Some of the key capabilities of a process mining tool are:
Process mining, therefore, acts as the keystone to enterprise digital transformation initiatives. It provides important information needed to make sound business decisions. Through process mining tools, enterprises can visualize the impact on businesses when they run through the scenarios of changing the process. Enterprises subsequently can make improvements in their existing processes and know what returns to expect from their investments. Process mining tools should be the foundation upon which all future investment and transformation projects should be based.
Robotic Process Automation
Shared Services have always focused on delivering cheaper, faster, and better services to the enterprises they serve. However, while cost-efficiency continues to be an important strategic imperative, there is more pressure than ever for SSCs to digitally transform the operations they are charged with, and create new services and business value, not just cut costs.
SSCs stand to benefit immensely from RPA as it improves efficiency, reduces costs and increases ROI. This allows organizations to shift their workforce to higher-value tasks, as RPA takes care of low-value repetitive tasks.
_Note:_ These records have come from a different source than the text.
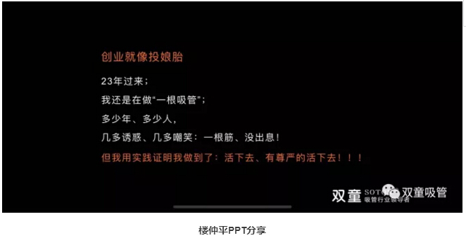 “雙童”樓仲平的演講主題是《一根吸管”的創(chuàng )業(yè)觀(guān)》,精彩分享引起了在場(chǎng)創(chuàng )業(yè)者們的高度認同。下面,吸管妞就和大家分享精彩的課程內容吧!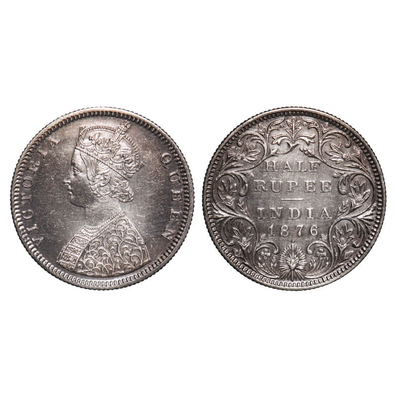 | Victoria Queen, Silver, Half Rupee, 1876, Bombay Mint, B2/II, Dot, Queen's jabot has 4 & 1/4 panels, The numeral 1 of year has an oblique top serif, Edge nick on Rev rim edge. F. Prid 287. GK 606. Uncirculated. Very Rare. |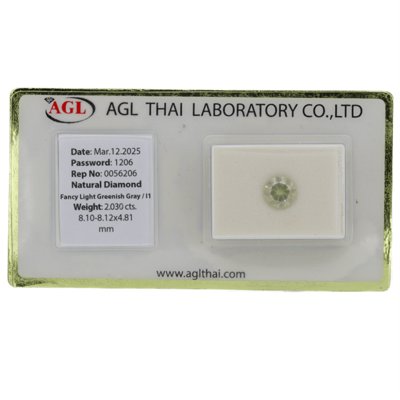 2.03CT CERTIFIED, NATURAL GREEN/GREY DIAMOND, ROUND BRILLIANT CUT, FANCY LIGHT GREENISH-GREY COLOUR, I1 CLARITY, LOOSE, UNSET. STONE COMES SEALED WITH AGL REPORT: 0056206. CONDITION: NEW. Valuations Provided by an Independent Third-Party Professional Not Directly Associated With Lloyds Auctions at AUD $17000This valuation has been conducted by an independent third-party professional. The valuation amount is an assessment by the issuing valuer and does not reflect the auction value of the item. Any inquiries regarding the valuation should be directed to the issuing valuer (refer to contact details on the certificate), as Lloyds Auctions has no affiliation or influence over the valuation, the valuer, or the stated amount. Condition: Good - Refer Images 0+2010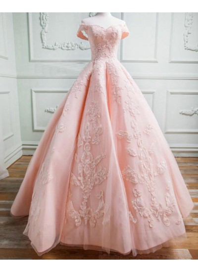 Pink party dress off shoulder evening dress lace applique ball gown prom dress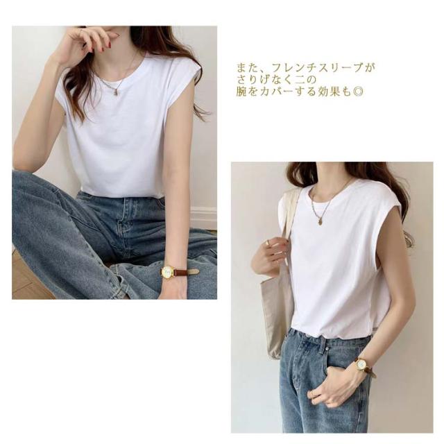 | 肩回りを綺麗にカバーしてくれるフレンチスリーブtシャツ。 程よくゆとりのある袖口幅で、汗ばむ季節も風通しがよく使いやすいデザインです。 また、フレンチスリーブがさりげなく二の腕をカバーする効果も◎ ゆったりとしたデザインのため、春夏に一枚で合わせていただくのはもちろん、秋口にはジャケットのインナーとしてお使いいただくのも素敵です。 シンプルなデザインで着回し力抜群、オフィスカジュアルからデイリーユースまで幅広く対応可能です! | |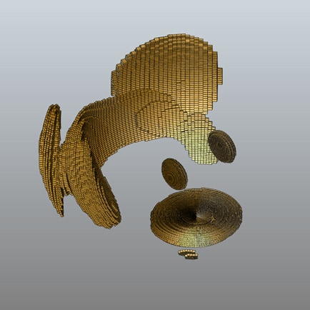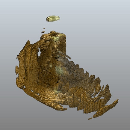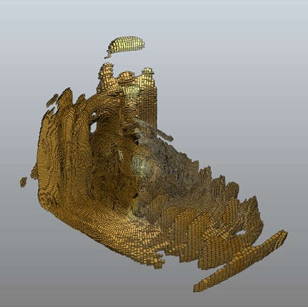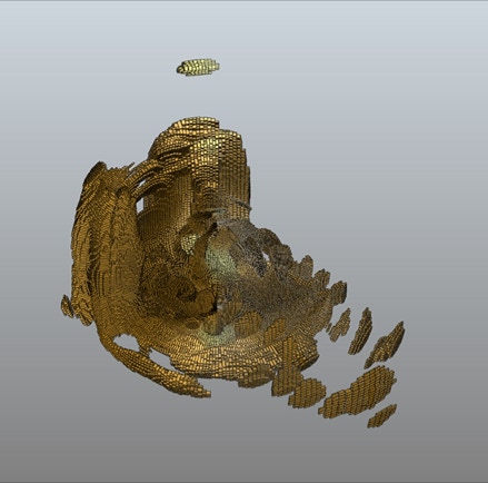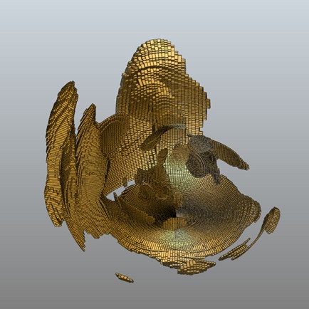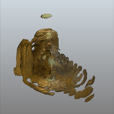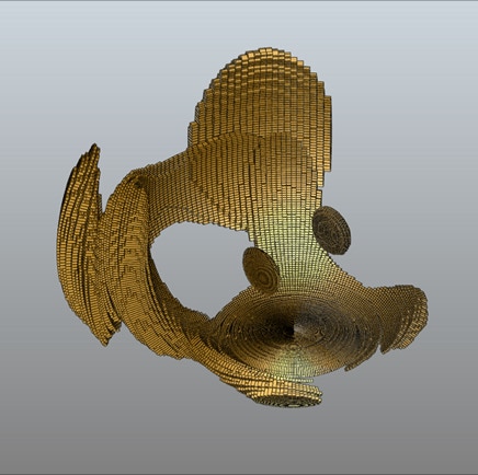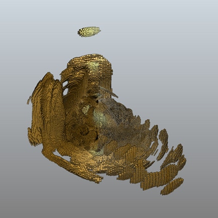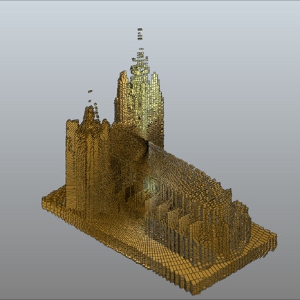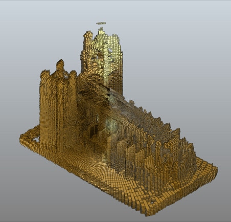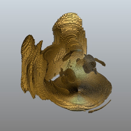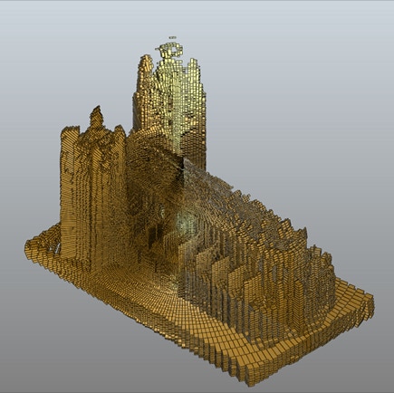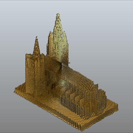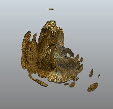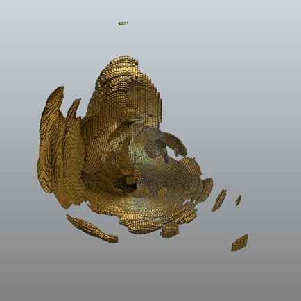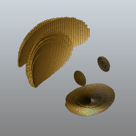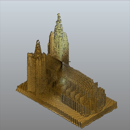Reconstitution de la cathédrale à basse résolution, en reconstituant progressivement les coquilles sphériques par adjonction d’harmoniques sphériques dont l’amplitude peut prendre deux valeurs : zéro (espace vide), un (fragment de matière). On voit littéralement la cathédrale naître du vide, par interférences constructives entre les différentes harmoniques.

Most SSCs and GBS are still in the early phases of shared services automation, primarily using unattended robots, with little to no functionality or intelligence, to improve several back-office tasks. However, as RPA has increased its capabilities – through embedded and Artificial Intelligence, SSCs would be able to perform more cognitive-heavy tasks automatically while keeping human employees in the loop.
Shared services organizations can leverage predictive analytics using data from multiple departments and perform cross-functional analytics that can deliver unique operational insights. In a recent global survey, 61% of respondents said that the data analytics in their organizations was still ‘basic’, while 27% said they had sufficiently competent analytics. Only 8% had capabilities for complex event processing and neural networks. Enterprises today are increasingly looking towards predictive analytics to manage uncertainties and make swift and sound decisions.
AI will increasingly be adopted by enterprises worldwide for business transformation with newer capabilities of AI already being used by some organizations like facial recognition and natural language processing (NLP). For global business services organizations, AI can mean automation beyond RPA. Using cognitive AI and analytics, organizations can use unstructured data and handle complex marketing, finance, accounting, and customer service processes with automation.
Breaking functional silos, unified governance and digital transformation are some of the trends powering the future of shared services. These factors will help businesses to improve the experience for their internal stakeholders as well as customers. Shared services should therefore look to increase their responsiveness to growth and take advantage of future business models.